TRA LIBERTA' E PRIGIONE
(...) Una normale recettività alle sensazioni e alle emozioni scorticherebbe vivi. Una certa ottusità protegge, e consente la crescita dell'illusione. La necessità dell'illusione e del gioco combatte la " vera follia " stemperandone la tragedia. Il matto non gioca mai, ma edifica monumenti capovolti. L' artista gioca sempre, edificando gli stessi monumenti. Nessun folle inventa dal nulla il suo delirio, ma lo assembla pezzo per pezzo con i propri fantasmi misti agli eventi e alle cose della realtà, per riparare quella che resta la sua frattura insanabile : la vita come lutto della vita. Alcuni scrittori - il primo Buchner, con il suo racconto Lenz - hanno cercato di rappresentare la figura del folle come se questa potesse, per le sue caratteristiche di esclusione dal mondo e di veggenza interiore, ricordare la figura dell'artista. In parte è vero. Georges Braque osserva che l'artista, nell'attimo in cui rischia la malattia psichica, prova assurde esperienze, interne ed esterne, ma poi, nel momento successivo, un'ossessione gli si radica nelle dita, gli si imprime nella mente. E allora il pittore deve fare il quadro e liberarsene, oppure muore. Insomma, l'arte non può sottrarsi ai suoi incubi mentali, ma da questi deve estrarre il suo quadro - il suo limite. Liberarsene. Poi, a opera finita, ricominciare a farsi possedere dall'incubo successivo.

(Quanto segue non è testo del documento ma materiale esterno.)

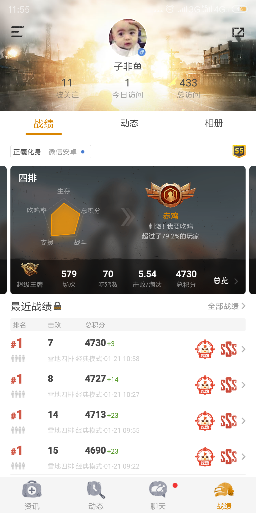 热烈庆祝四连鸡,吃鸡挂件加40%吃鸡率!

Nessuna arte ha una fine reale, ma solo una serie di piccole vertigini, di catastrofi e approdi, utili solo per ripartire ancora, riprendere fiato, rinnovare il rito. Interminabilmente. Solo quando si sa che ( la scrittura nasce quando non si sta né troppo bene né troppo male- Lorenzo Pittaluga ), solo allora è possibile dire la sofferenza con parole che la evocano ma non la mostrano, la nascondono e la rivelano . (...)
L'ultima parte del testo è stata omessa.